Budapest remains unique, though. Each walk I take offers something new to see, every menu has items I’ve yet to try, and the language that marks the street signs, store windows, and conversations of passersby remains largely alien to me. John Von Neumann, Leo Szilard, and their Hungarian physicist friends involved with the Manhattan project were known as “The Martians.” I’ve heard that their unique language had something to do with the nickname’s popularity. My stay so far backs the rumor’s plausibility. 

 

In a way, learning this language – any language really – is like dusting off an artifact. I first experienced in Vienna what it feels like to play Egyptologist. It's not digging in the ground, and the information I learn is not undiscovered, but to me, nearly every glance and step uncovers something previously unknown that I’m forced to to consider, comprehend, compartmentalize. 

 

Hungarian is far from the only language around in this international city.

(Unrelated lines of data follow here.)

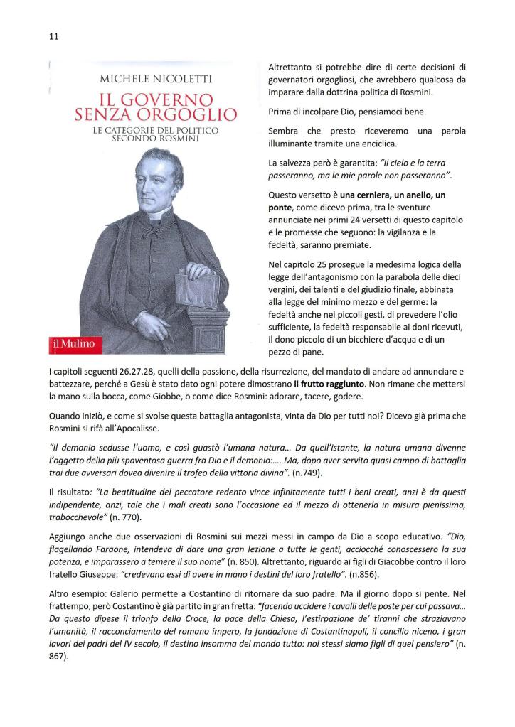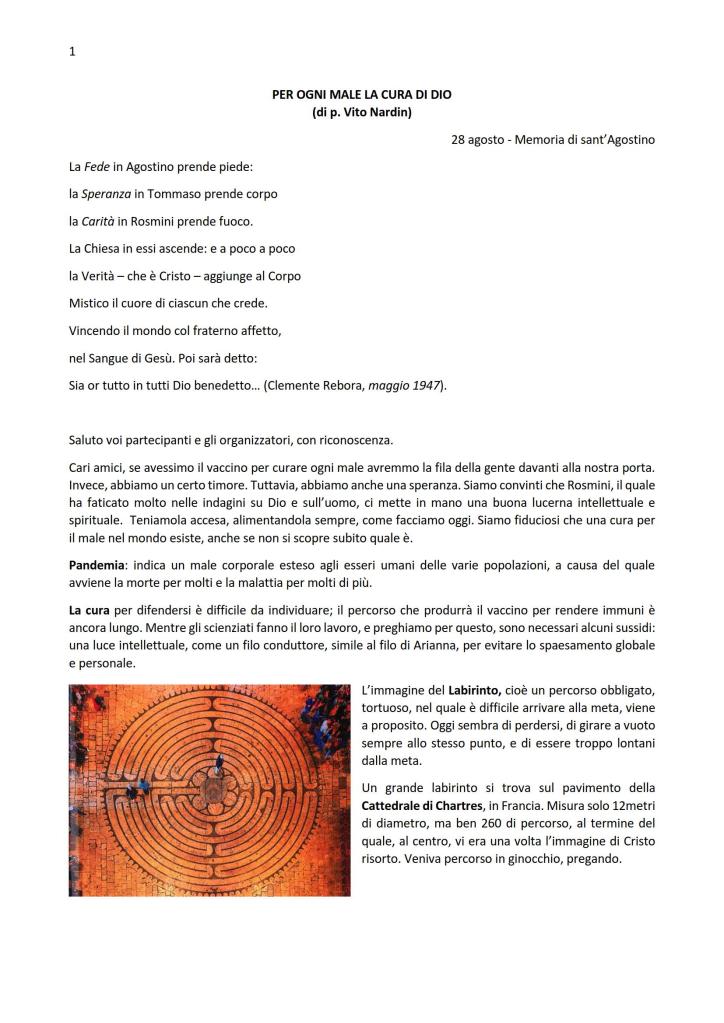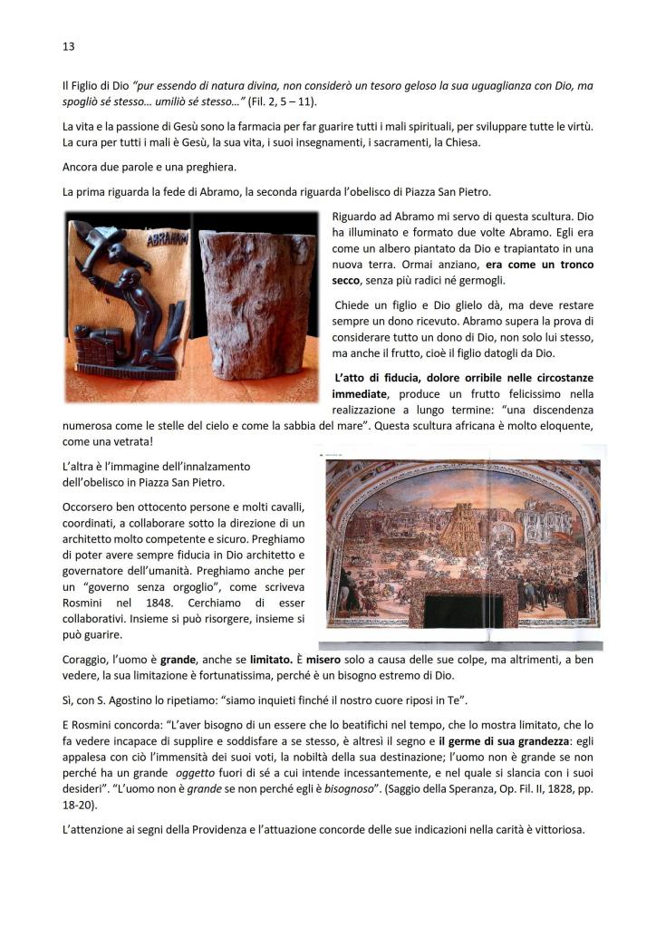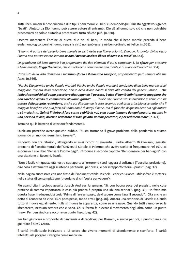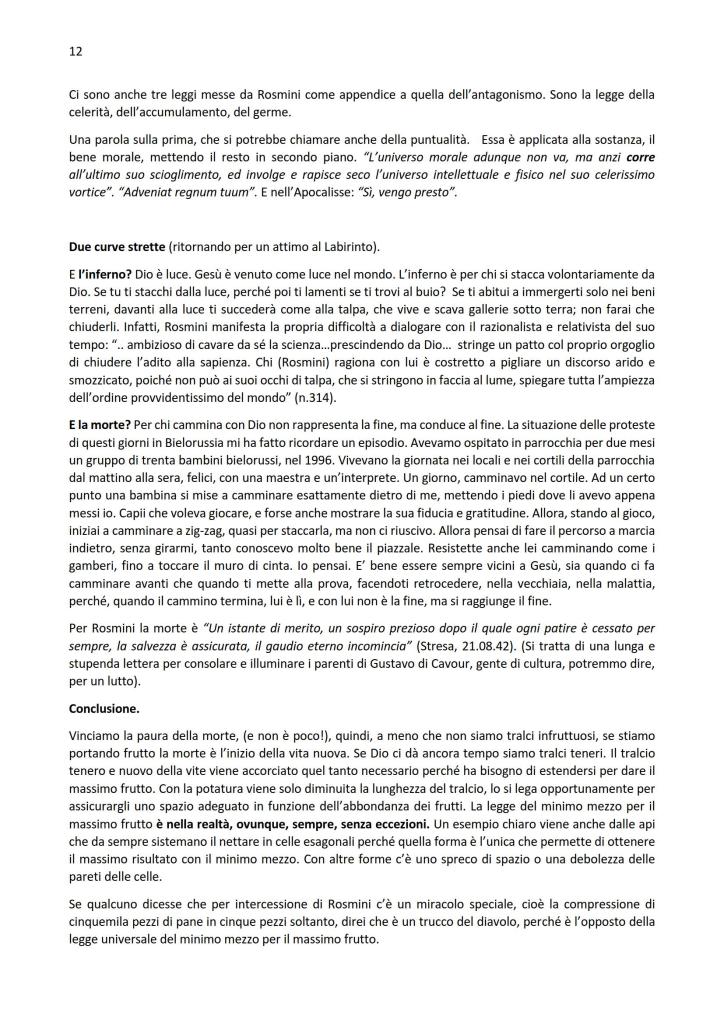 Cari amici, se avessimo il vaccino per curare ogni male avremmo la fila della gente davanti alla nostra porta. Invece, abbiamo un certo timore. Tuttavia, abbiamo anche una speranza. Siamo convinti che Rosmini, il qualeha faticato molto nelle indagini su Dio e sull’uomo, ci mette in mano una buona lucerna intellettuale e spirituale.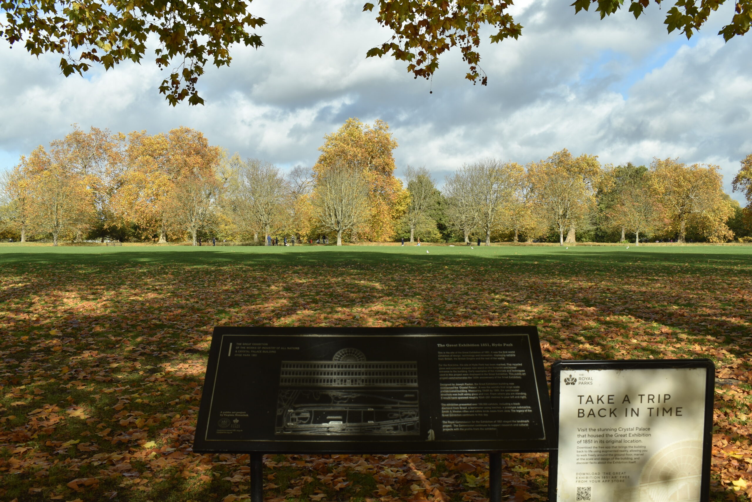 Im Hyde Park stand 1851 anläßlich der allerersten Weltausstellung der Crystal Palace des Architekten Joseph Paxton, ein revolutionärer Bau aus Gußeisen-Modulen, der leicht auf- und wieder abbaubar war. Das riesige Gebäude (etwa 600×150 Meter) wurde nach Ende der Weltausstellung demontiert und in Sydenham wieder aufgestellt. Dort gab er einem Stadtviertel und dem Fußballverein Crystal Palace FC den Namen. 1936 brannte er nieder. An der ursprünglichen Stelle im Hyde Park erinnert heute eine Tafel an den Kristallpalast.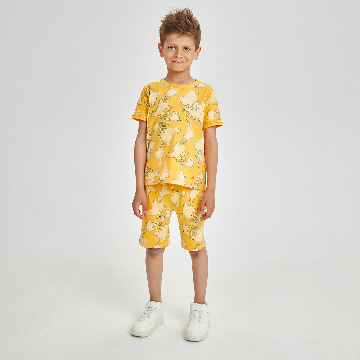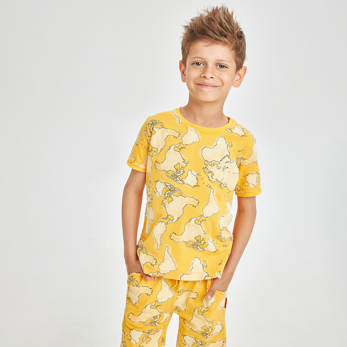Футболка для мальчика с принтом "карта"выполнена из натурального хлопка. Приятный на ощупь трикотаж обеспечит комфорт ребенку во время летних прогулок. Рисунок нанесен водными красками, его можно гладить утюгом. Спинка футболки без рисунка.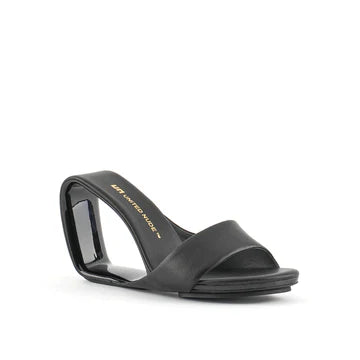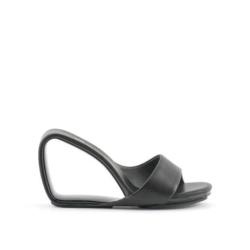 United Nude's launch product, the Mobius, was revealed in 2003 and has since become an icon in the world of design. The style was born from a conceptual development of the Möbius strip, a single-sided surface with no boundaries. Its distinct shape was inspired by transforming the frame of Mies van der Rohe's Barcelona Chair into a single band, uniting the upper, sole, footbed and heel into one infinite piece.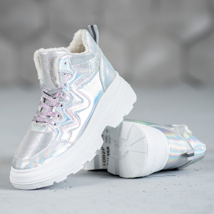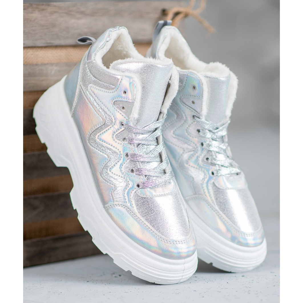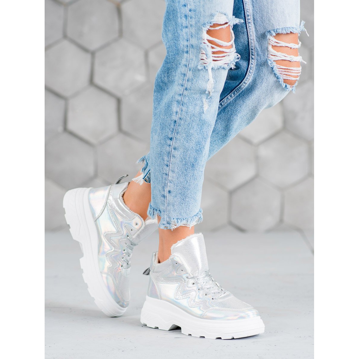 Découvrez le confort et le style avec les baskets isolées Seastar dans une élégante teinte grise. Ces chaussures de sport pour femmes arrivent jusqu'à la cheville, ce qui les rend parfaites pour une variété de tenues d'automne et d'hiver. Leur design unique est enrichi d'inserts argentés et de lacets argentés décoratifs, qui attirent l'attention et ajoutent du caractère.
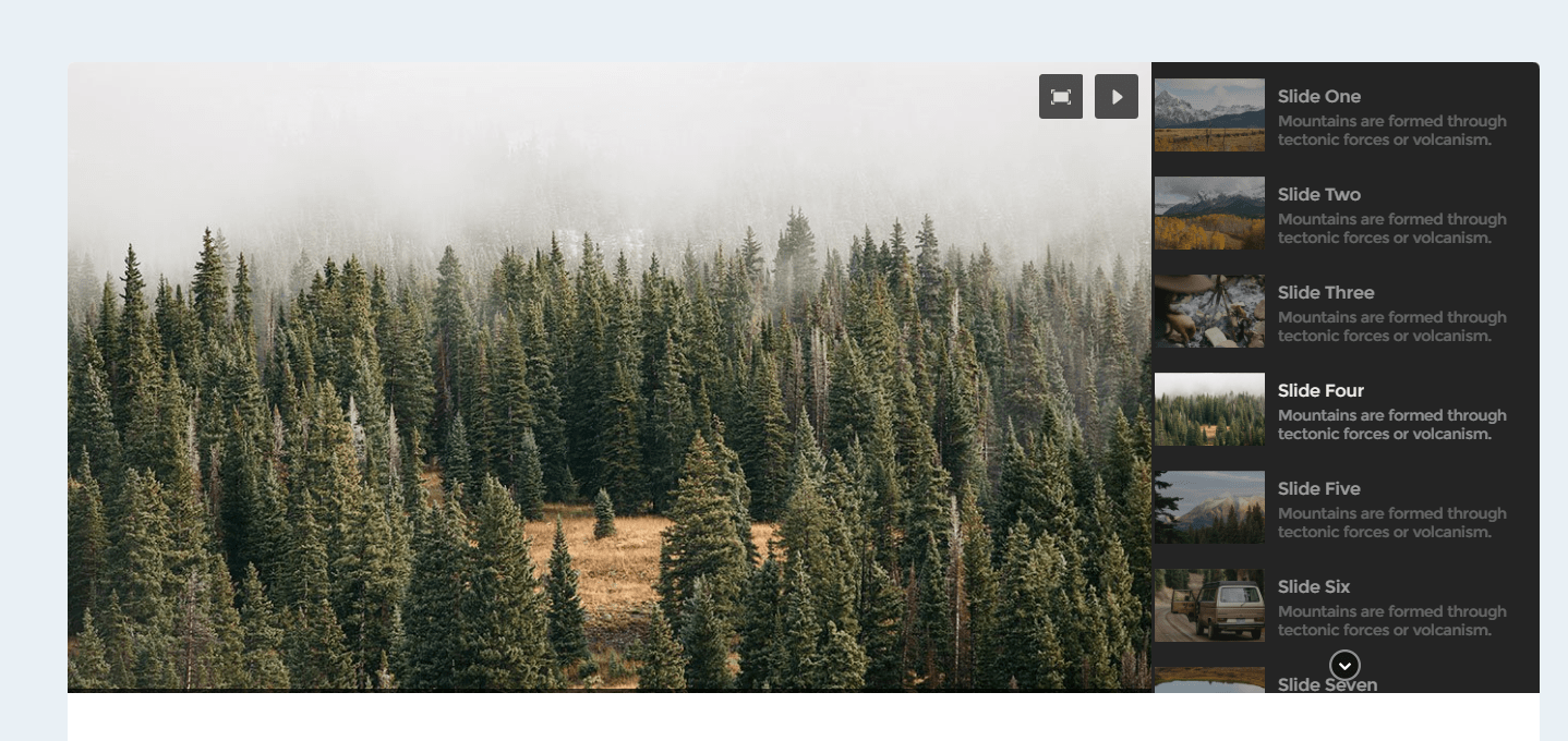 A thumbnail horizontal slider looks like in the image above. At the bottom of the slider there’s a row of thumbnails. These come one next to the other. Once you press upon one thumbnail, you open that slide content in the upper part of the component. The thumbnails can rotate if you press the side arrows.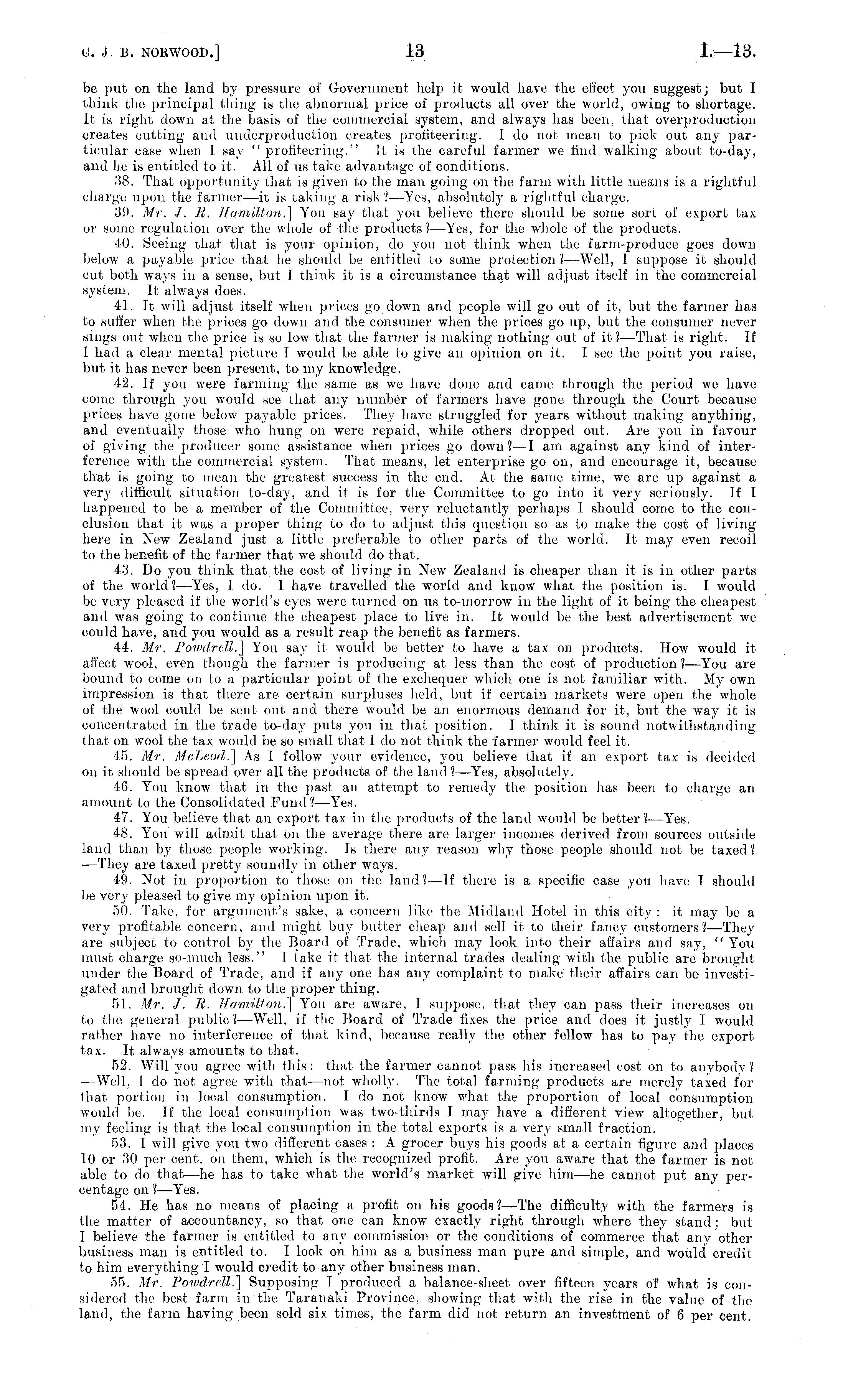 be put on the land by pressure of Government help it would have the effect you suggest; but I think the principal thing is the abnormal price of products all over the world, owing to shortage. It is right down at the basis of the commercial system, and always has been, that overproduction creates cutting and underproduction creates profiteering. I do not mean to pick out any particular case when I say "profiteering." It is the careful farmer we find walking about to-day, and he is entitled to it. All of us take advantage of conditions. 38. That opportunity that is given to the man going on the farm with little means is a rightful charge upon the farmer—it is taking a risk? —Yes, absolutely a rightful charge. 39. Mr. J. R. Hamilton.] You say that you believe there should be some sort of export tax or some regulation over the whole of the products?— Yes, for the whole of the products. 40. Seeing that that is your opinion, do you not think, when the farm-produce goes down below a payable price that he should be entitled to some protection?— Well, I suppose it should cut both ways in a sense, but I think it is a circumstance that will adjust itself in the commercial system. It always does. 41. It will adjust itself when prices go down and people will go out of it, but the farmer has to suffer when the prices go down and the consumer when the prices go up, but the consumer never sings out when the price is so low that the farmer is making nothing out, of if?— That is right. If I had a clear mental picture I would be able to give an ojiinion on it. I see the point you raise, but it has never been present, to my knowledge. 42. If you were farming the same as we have done and came through the period we have come through you would see that any number of farmers have gone through the Court because prices have gone below payable prices. They have struggled for years without making anything, and eventually those who hung on were repaid, while others dropped out. Are you in favour of giving the producer some assistance when prices go down?—l am against any kind of interference with the commercial system. That means, let enterprise go on, and encourage it, because that is going to mean the greatest success in the end. At the same time, we are up against a very difficult situation to-day, and it is for the Committee to go into it very seriously. If I happened to be a member of the Committee, very reluctantly perhaps 1 should come to the conclusion that it was a proper thing to do to adjust this question so as to make the cost of living here in New Zealand just a little preferable to other parts of the world. It may even recoil to the benefit of the farmer that we should do that. 43. Do you think that the cost of living in New Zealand is cheaper than it is in other parts of the world? —Yes, I do. I have travelled the world and know what the position is. I would be very pleased if the world's eyes were turned on us to-morrow in the light of it being the cheapest and was going to continue the cheapest place to live in. It would be the best advertisement we could have, and you would as a result reap the benefit as farmers. 44. Mr. Powdrell] You say it would be better to have a tax on products. How would it affect wool, even though the farmer is producing at less than the cost of production?— You are bound to come on to a particular point of the exchequer which one is not familiar with. My own impression is that there are certain surpluses held, but if certain markets were open the whole of the wool could be sent out and there would be an enormous demand for it, but the way it is concentrated in the trade to-day puts you in that position. I think it is sound notwithstanding that on wool the tax would be so small that I do not think the farmer would feel it. 45. Mr. McLeod.] As 1 follow your evidence, you believe that if an export tax is decided on it should be spread over all the products of the land ?—Yes, absolutely. 46. You know that in the past an attempt to remedy the position has been to charge an amount to the Consolidated Fund?— Yes. 47. You believe that an export tax in the products of the land would be better?— Yes. 48. You will admit that on the average there are larger incomes derived from sources outside land than by those people working. Is there any reason why those people should not be taxed? —They are taxed pretty soundly in other ways. 49. Not in proportion to those on the land? —If there is a specific case have I should be very pleased to give my opinion upon it. 50. Take, for argument's sake, a concern like the Midland Hotel in this city : it may be a very profitable concern, and might buy butter cheap and sell it to their fancy customers?— They are subject to control by the Board of Trade, which may look into their affairs and say, " You must charge so-much less." I take it that the internal trades dealing with the public are brought under the Board of Trade, and if any one has any complaint to make their affairs can be investigated and brought down to the proper thing. 51. Mr. J. R. Hamilton.] You are aware, I suppose, that they can pass their increases on to the general public? —Well, if the Board of Trade fixes the price and does it justly I would rather have no interference of that kind, because really the other fellow has to pay the export tax. It always amounts to that. 52. Will you agree with this: that the farmer cannot pass his increasetl cost on to anybody? —Well, I do not agree with that—not wholly. The total farming products are merely taxed for that portion in local consumption. I do not know what the proportion of local consumption would be. If the local consumption was two-thirds I may have a different view altogether, but my feeling is that the local consumption in the total exports is a very small fraction. 53. I will give you two different cases : A grocer buys his goods at a certain figure and places 10 or 30 per cent, on them, which

I’ve also heard plenty of Russian, English (including English-English, Scottish-English, Irish-English, and even American), Italian, Farsi, Turkish, German, and Spanish. 

 

In the case of that last language listed, I had to dust that off too, an artifact from my own past, not someone else’s. I walked into a roast chicken restaurant named Feugo one night. Asked the hostess if she had a table available, but she replied in South American accented English that she doesn’t speak Hungarian. I asked in English which languages were better. Inglés o Español. Perfecto. She got excited when I continued with some elementary Spanish. “De Colombia.” She replied with a smile. My word choice convinced her it was wise to hand me a menu written in her mother tongue. After a bit of struggle, I began with Pollo and added other words I knew to decode the options. Eventually, and with a little help from the hostess who now played waitress, I figured out what I wanted. The rotisserie style chicken and duck that soon rested in front of me made the effort worthwhile. 

 

Fuego aside, it’s not just good South American food heating up this city’s international cuisine scene. Everything from good Pho and Greek food to Magyar classics like Chicken Paprikash, can be gotten with minimal effort. Here, the world’s cuisines are showcased on most Utcas one could think to walk down and these culinary discoveries make exploring the Hungarian Capital’s nooks and crannies even more worthwhile. 

 

A week in and there have been plenty of other surprises besides the languages of greeting and none of them have been bad. I suppose that’s part of the reason you go somewhere else. It breaks a routine, forces you to see new things, adds something to your day that you can’t predict, reminds you there’s still mystery in the world even if it’s only a mystery to you.